The metal and mining industry of India recorded 20% expansion in 2011 and expected to more than double in revenue to $305 billion by the end of 2015. Production volumes have been growing steadily within each export market and India’s strategic location enables convenient exporting to both developed markets as well as the fast-developing Asian markets.
The industry is key for India’s manufacturing sector – and for the economy as a whole. Many industries are directly dependent on it such (as automobiles & components, electrical appliance & products, infrastructure, building & construction, power, agriculture, telecom, railways, aviation, engineering, oil and gas, defense, R&D, transport) and many more are indirectly dependent.

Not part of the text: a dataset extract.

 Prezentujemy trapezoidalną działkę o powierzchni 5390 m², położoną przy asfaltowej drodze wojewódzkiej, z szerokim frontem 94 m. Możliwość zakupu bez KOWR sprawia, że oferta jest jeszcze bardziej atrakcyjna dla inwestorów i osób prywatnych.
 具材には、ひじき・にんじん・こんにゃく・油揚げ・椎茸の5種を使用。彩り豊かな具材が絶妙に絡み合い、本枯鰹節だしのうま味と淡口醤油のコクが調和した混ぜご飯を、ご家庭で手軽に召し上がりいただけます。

The steel sector contributes nearly 2% of the country’s gross domestic product (GDP) and employs over 600.000 people, and India has an advantage in both production and conversion costs of steel and aluminum, while sustained growth in India’s automotive sector has been driving demand for steel and aluminium. Demand for iron and steel is set to continue, given the strong growth expectations for the residential and commercial building industry and India is set to become the second largest producer of steel by the end of 2015.
India has among the world’s largest reserve bases of bauxite and iron ore, accounting for about 5% and 8% respectively of total world production. It produces 88 minerals – 4 fuel-related minerals, 10 metallic minerals, 50 non-metallic minerals and 24 minor minerals. In 2012-13, India had 3,108 active mines – excluding mining areas for minor minerals, crude petroleum, natural gas and atomic minerals.

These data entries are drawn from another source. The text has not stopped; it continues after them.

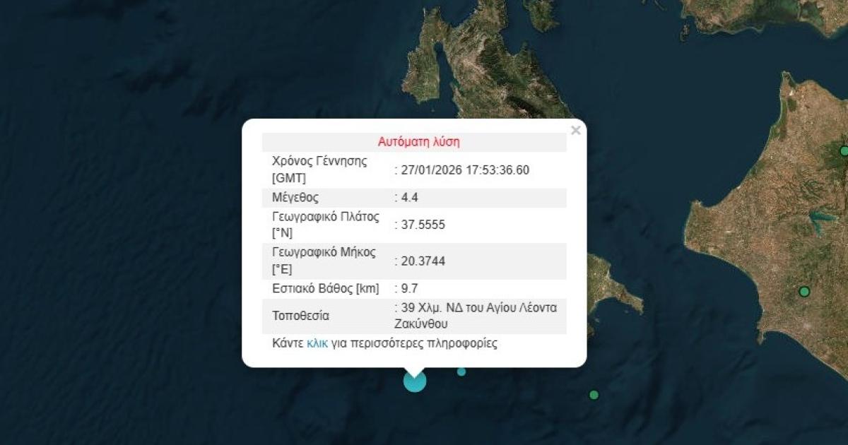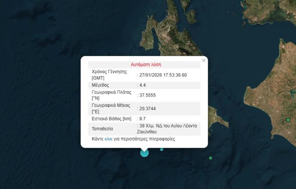 Σύμφωνα με το Γεωδυναμικό Ινστιτούτου το επίκεντρο της σεισμικής δόνησης εντοπίζεται στα 39 χιλιόμετρα νοτιοδυτικά του Αγίου Λέοντα Ζακύνθου.
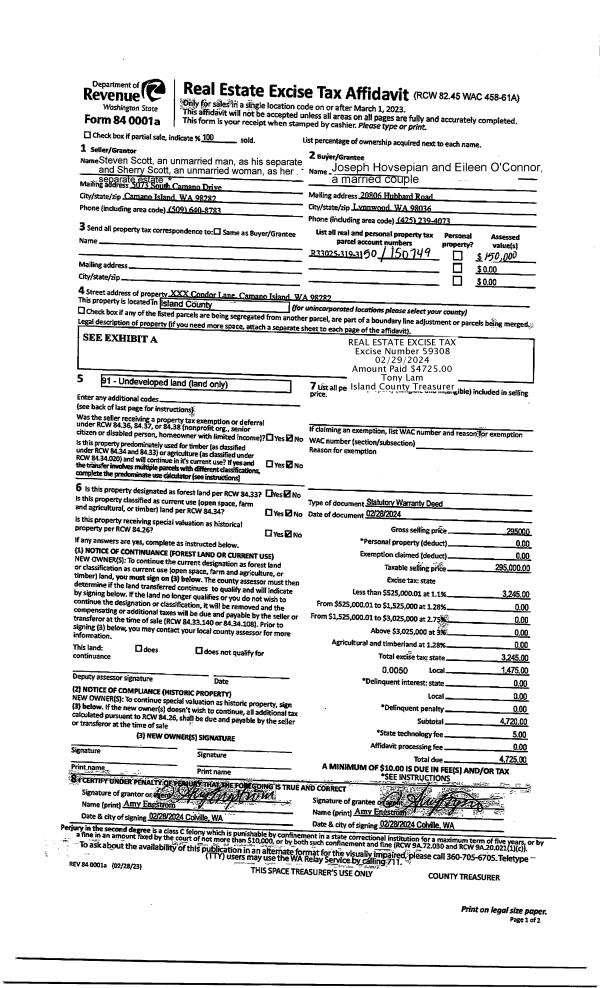 | 1 | 02/28/2024 | WD | Warranty Deed | SCOTT JTWROS, STEVE | HOVSEPIAN, JOSEPH | | | $295,000.00 | 59308 | 4569835 |
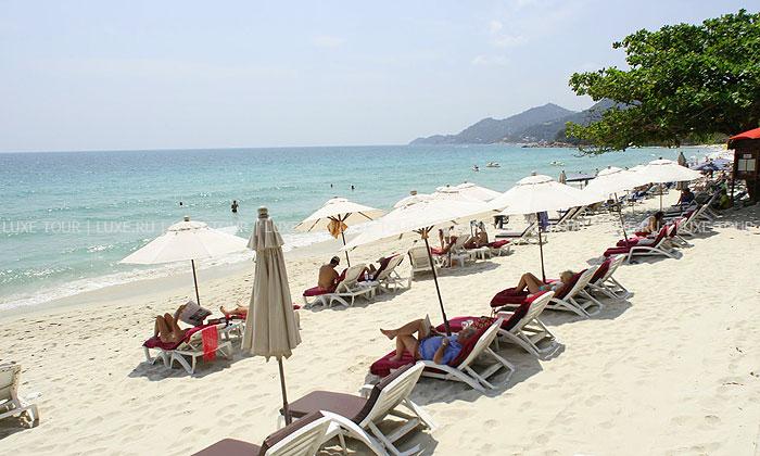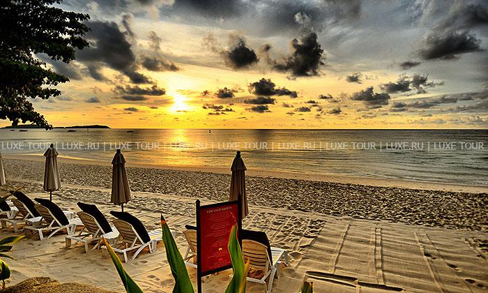 Отель расположен у песчаного пляжа с шезлонгами и зонтиками от солнца.
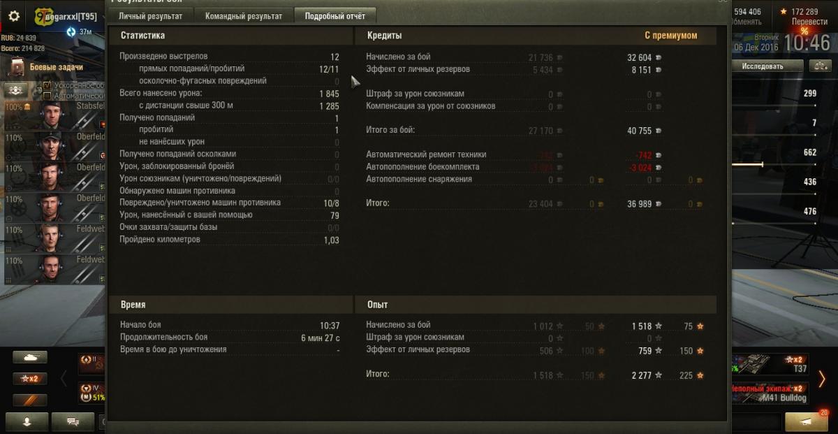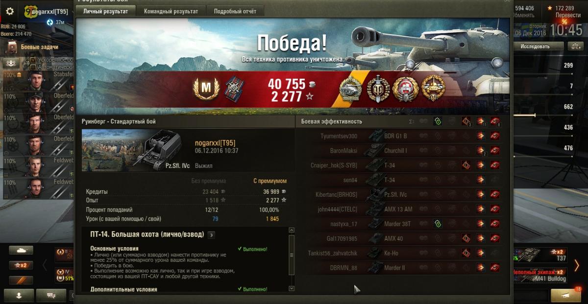 Это был второй бой. В стоковой комплектации, конечно, кроме рации. И экипаж 90%. На самом деле, просто повезло немного )

The large and well publicized scandals in mining severely impaired foreign investment in the sector as the bidding process for allocations came under scrutiny from 2012 and the Supreme Court cancelled 214 of the 218 allocations for coal mining since 1993. However, the coal blocks are slowly being auctioned off now and there have been a number of initiatives by the Government to improve the stability of the industry and restore overseas confidence – e.g. the new Land Acquisition Act, R&R Policy, policies for procurement of raw materials; infrastructure support (location of steel plant, transportation, power, water), R&D and environmental management, while promotion of steel use and its consumption and trade policy will encourage growth in the steel industry. The Government of India has allowed 100 % foreign direct investment (FDI) in the mining sector under the automatic route and new mining leases have been granted for 20 years to 30 years each.

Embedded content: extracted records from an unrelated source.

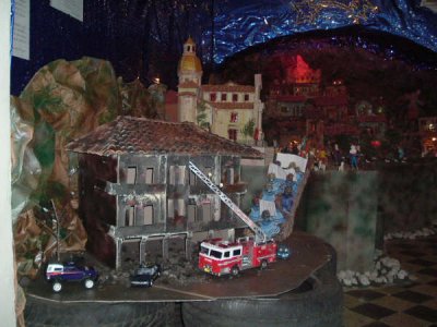Nel presepe è stata in oltre riprodotto con la creazione di una casa bruciata un fatto realmente accaduto che ha scosso la cittadinanza lametina.
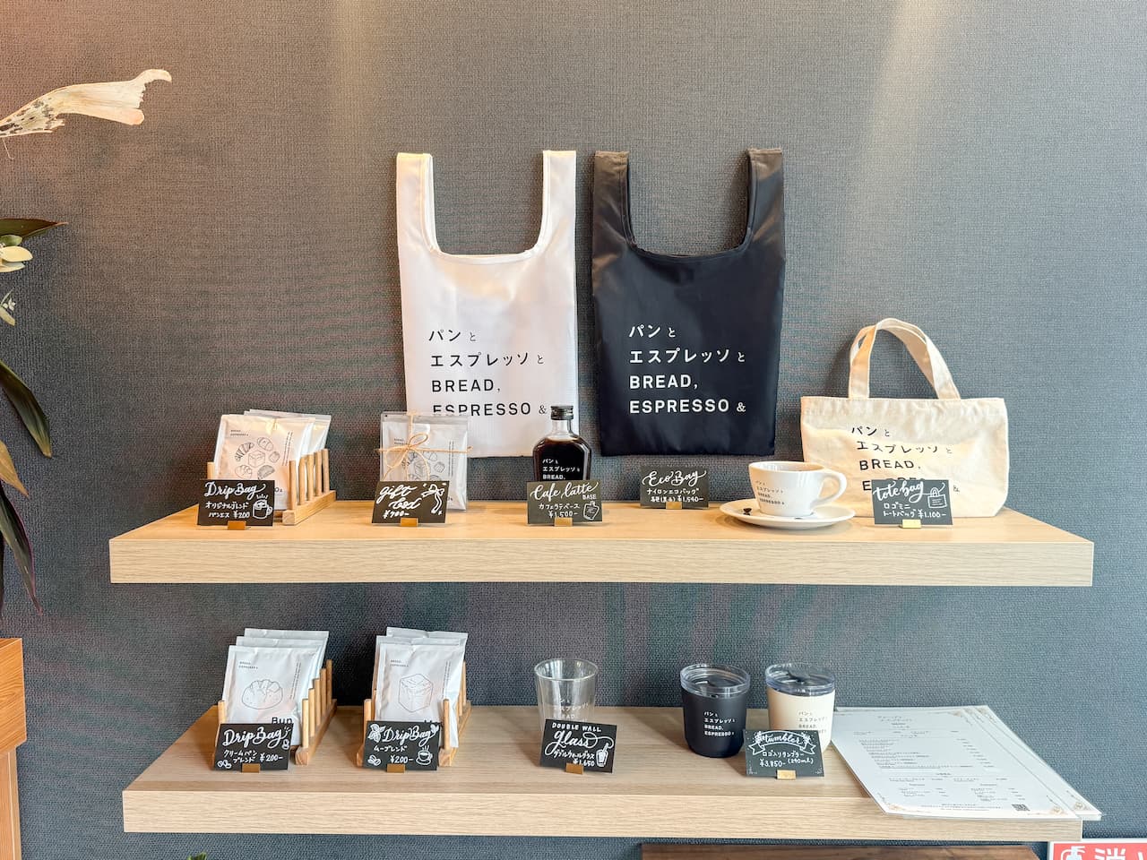 クレープを楽しんだあとは、ショップスペースにも注目して。店頭では、モノトーンの色合いがすてきな「パンとエスプレッソと」のオリジナルグッズやドリップコーヒー、「カフェラテベース」などが販売されているので、おうちでもゆっくりカフェ気分を味わえます。
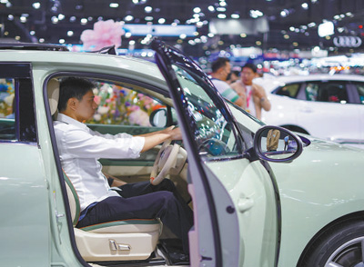 在2023年舉辦的第四十屆泰國國際汽車博覽會上,中國品牌電動汽車訂單量在所有參展品牌中名列前茅。在中國品牌的強勁拉動下,參展電動汽車訂單量首次超越燃油汽車訂單量。圖為當(dāng)?shù)貐⒂^者在車博會上試駕中國品牌電動汽車。

The demand for various metals and minerals will continue to grow substantially over the next 15 years – both internationally and as India’s booming population requires more goods – and by 2025-26, forecasters predict that the steel industry can produce over 275 million tonnes of crude steel, to cater to the domestic demand alone. With all the improvements envisaged, the Indian metal and mining industry will establish its place at the front of the global market.